The gateway comes with 3 log categories:
Lets forget the firewall and focus on the Access & Performance logs. The above chart is based on the performance logs with latency measured every minute:
AzureDiagnostics
| where ResourceProvider == “MICROSOFT.NETWORK” and Category == “ApplicationGatewayPerformanceLog”
| summarize avg(latency_d) by bin(TimeGenerated, 1m)
| render timechart
If you do not render it as a timechart, you’ll get the raw figures with huge latency. When digging further and switching to the Access logs, the following query is an eye opener:
AzureDiagnostics
| where ResourceProvider == “MICROSOFT.NETWORK” and Category == “ApplicationGatewayAccessLog” and httpStatus_d == 101
| timeTaken_d
because it will show huge time taken and this is a normal behavior. Indeed, when visiting a web site that makes use of websockets, by monitoring the network traffic, you can easily see this:
a 101 request that remains in pending state because the socket remains opened until the end of the user session. Therefore, the recorded latency might be huge (500 000 ms for instance) and will have an impact on the overall latency, making latency_d not a reliable metric anymore.

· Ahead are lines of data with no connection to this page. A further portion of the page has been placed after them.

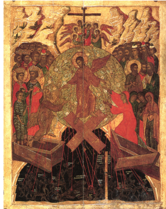
Christi Auferstehung - Höllenfahrt, 16. Jh., Staatl. Hist. Museum, Moskau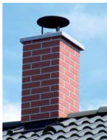
Obklad cihelnými pásky HELUZ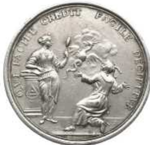
Gedenkpenning voor Balthasar Bekker uit 1698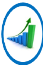
ความมั่งคั่ง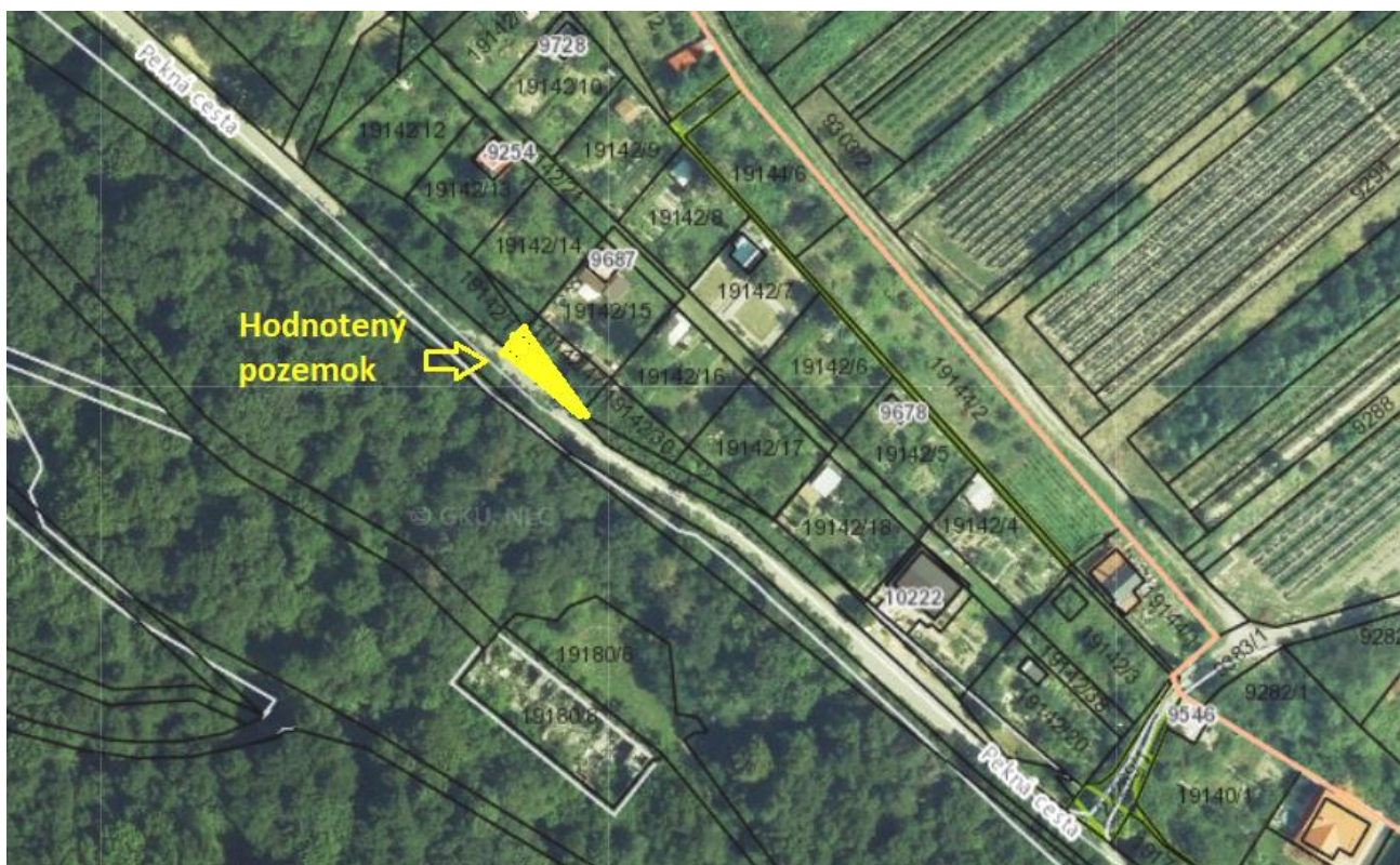
Vyznačenie umiestnenia nehnuteľnosti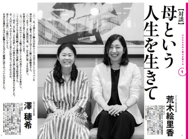
元サッカー日本女子代表 澤穂希さん × バレーボール全日本女子代表 荒木絵里香さん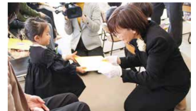
△保育証書が手渡されました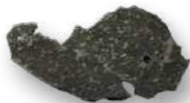
Meteorito Taza / Meteorite Taza.

“Tivemos que remover um pouco de entulho e ao retirar a segunda gaveta, lá estavam os meteoritos! Confesso que eu estava tão empenhada em resgatá-lo que senti uma ternura e não alegria. Como num filhotinho em um parto.”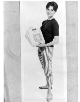
Jørgen S. Liens reklamebilder for skrivemaskiner og kassaapparater fra 1950-årene.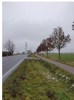
Hauptroute 33 km, 3. Abschnitt: Reppichau – Elsnigk – Osternienburg – Köthen (Anhalt)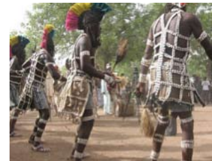
Sanké Mon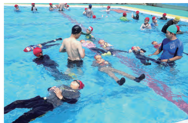
←上手に水に浮きました

7月9日、水難学会の皆さんによる「浮いて待て講習」が行われました。万が一、海や川で水難に遭遇したときに救助されるまで自分で身を守らなければなりません。ペットボトルを持って上手に水に浮いて救助を待つ練習をしました。低学年の児童は、ボランティアの保護者の皆さんにも協力してもらいました。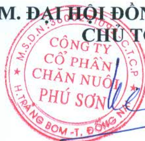
Phùng Khôi Phục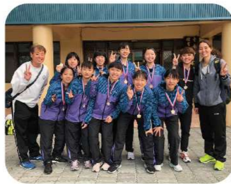
▲109年市中運羽球隊表現優異 取得全國比賽資格賽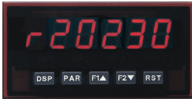
PAX R in Originalgröße

Den Industrie - Tachometer PAX R kann man natürlich auch als sehr flexibles und genaues Laborgerät einsetzen. Er wurde aber mit dem robusten Kunststoffgehäuse und der hohen Schutzart IP 65 für den rauen Industrieinsatz konzipiert. Die weltweit eingesetzte, ausgereifte und auf Langlebigkeit ausgelegte Elektronik erhält vor Auslieferung einen 3 Tage langen Qualitätstest unter Vollast. Das Gerät wird direkt über 5 Tasten schnell und sicher projektiert. Der Bediener freut sich über die übersichtliche Bedienoberfläche, mit der er einfach alle Parameter auf einen Blick erfassen und leicht verändern kann. Mit der steckbaren Grenzwertkarte kann er auch nachträglich aufgerüstet werden.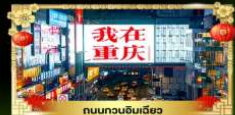
ถนนทวงจิมเฉียว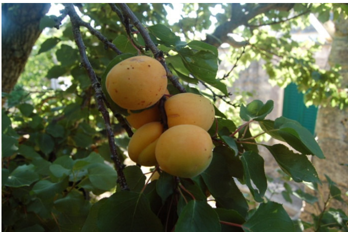
Mandorla dolce (Bisceglie)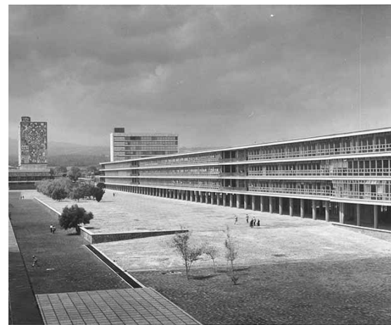
Vista de la plataforma norte, con el edificio de Humanidades y Comercio, hoy Facultad de Filosofía y Letras, con las hileras de jacarandas en cajetes cuadrangulares, ca. 1953.

En el andador o plataforma sur, y como parte del plan original, se dio espacio a dos filas de fresnos o posiblemente de álamos (no se tiene bien identificada esta vegetación) que igual que en otros espacios de

Long story short: for the time being, if you happen to use websockets, I’d recommend using a dedicated gateway where you know latency_d is not the metric you will count on or consider using an alternative solution. Indeed, there is currently no way to discard websockets-related traffic from the Performance logs, therefore, the overall performance metric is impacted although there is no issue in reality. On the other end, the timetaken_d metric in the Access log may become a functional metric as it reflects the amount of time users stayed on your website.